Work order
Repeat every line of the material below exactly.

Recorded information
☆ ☆ ☆ ☆ ☆

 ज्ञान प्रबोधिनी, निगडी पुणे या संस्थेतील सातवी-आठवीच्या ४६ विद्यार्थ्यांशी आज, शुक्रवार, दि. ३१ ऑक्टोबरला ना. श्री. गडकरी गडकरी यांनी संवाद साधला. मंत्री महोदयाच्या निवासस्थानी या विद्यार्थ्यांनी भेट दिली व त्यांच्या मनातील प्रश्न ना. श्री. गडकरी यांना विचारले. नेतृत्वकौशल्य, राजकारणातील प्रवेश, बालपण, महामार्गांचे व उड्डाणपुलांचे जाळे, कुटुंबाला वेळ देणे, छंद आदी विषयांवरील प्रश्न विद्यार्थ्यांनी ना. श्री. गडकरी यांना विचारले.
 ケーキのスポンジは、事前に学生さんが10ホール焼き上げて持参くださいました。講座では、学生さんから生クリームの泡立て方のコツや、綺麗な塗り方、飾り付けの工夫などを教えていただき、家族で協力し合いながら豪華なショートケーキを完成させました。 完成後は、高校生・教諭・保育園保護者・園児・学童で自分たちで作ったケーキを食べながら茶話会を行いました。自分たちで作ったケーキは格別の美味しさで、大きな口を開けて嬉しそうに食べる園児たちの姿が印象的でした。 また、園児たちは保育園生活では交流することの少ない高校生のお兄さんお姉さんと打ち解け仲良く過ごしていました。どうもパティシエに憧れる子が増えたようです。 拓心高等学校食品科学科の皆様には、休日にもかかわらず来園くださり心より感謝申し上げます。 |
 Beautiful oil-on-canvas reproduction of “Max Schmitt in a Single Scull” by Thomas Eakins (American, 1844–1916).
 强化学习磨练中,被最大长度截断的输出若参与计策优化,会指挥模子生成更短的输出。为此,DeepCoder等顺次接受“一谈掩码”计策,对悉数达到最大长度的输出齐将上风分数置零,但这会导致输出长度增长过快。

☆ ☆ ☆ ☆ ☆

Response
 ज्ञान प्रबोधिनी, निगडी पुणे या संस्थेतील सातवी-आठवीच्या ४६ विद्यार्थ्यांशी आज, शुक्रवार, दि. ३१ ऑक्टोबरला ना. श्री. गडकरी गडकरी यांनी संवाद साधला. मंत्री महोदयाच्या निवासस्थानी या विद्यार्थ्यांनी भेट दिली व त्यांच्या मनातील प्रश्न ना. श्री. गडकरी यांना विचारले. नेतृत्वकौशल्य, राजकारणातील प्रवेश, बालपण, महामार्गांचे व उड्डाणपुलांचे जाळे, कुटुंबाला वेळ देणे, छंद आदी विषयांवरील प्रश्न विद्यार्थ्यांनी ना. श्री. गडकरी यांना विचारले.
 ケーキのスポンジは、事前に学生さんが10ホール焼き上げて持参くださいました。講座では、学生さんから生クリームの泡立て方のコツや、綺麗な塗り方、飾り付けの工夫などを教えていただき、家族で協力し合いながら豪華なショートケーキを完成させました。 完成後は、高校生・教諭・保育園保護者・園児・学童で自分たちで作ったケーキを食べながら茶話会を行いました。自分たちで作ったケーキは格別の美味しさで、大きな口を開けて嬉しそうに食べる園児たちの姿が印象的でした。 また、園児たちは保育園生活では交流することの少ない高校生のお兄さんお姉さんと打ち解け仲良く過ごしていました。どうもパティシエに憧れる子が増えたようです。 拓心高等学校食品科学科の皆様には、休日にもかかわらず来園くださり心より感謝申し上げます。 |
 Beautiful oil-on-canvas reproduction of “Max Schmitt in a Single Scull” by Thomas Eakins (American, 1844–1916).
 强化学习磨练中,被最大长度截断的输出若参与计策优化,会指挥模子生成更短的输出。为此,DeepCoder等顺次接受“一谈掩码”计策,对悉数达到最大长度的输出齐将上风分数置零,但这会导致输出长度增长过快。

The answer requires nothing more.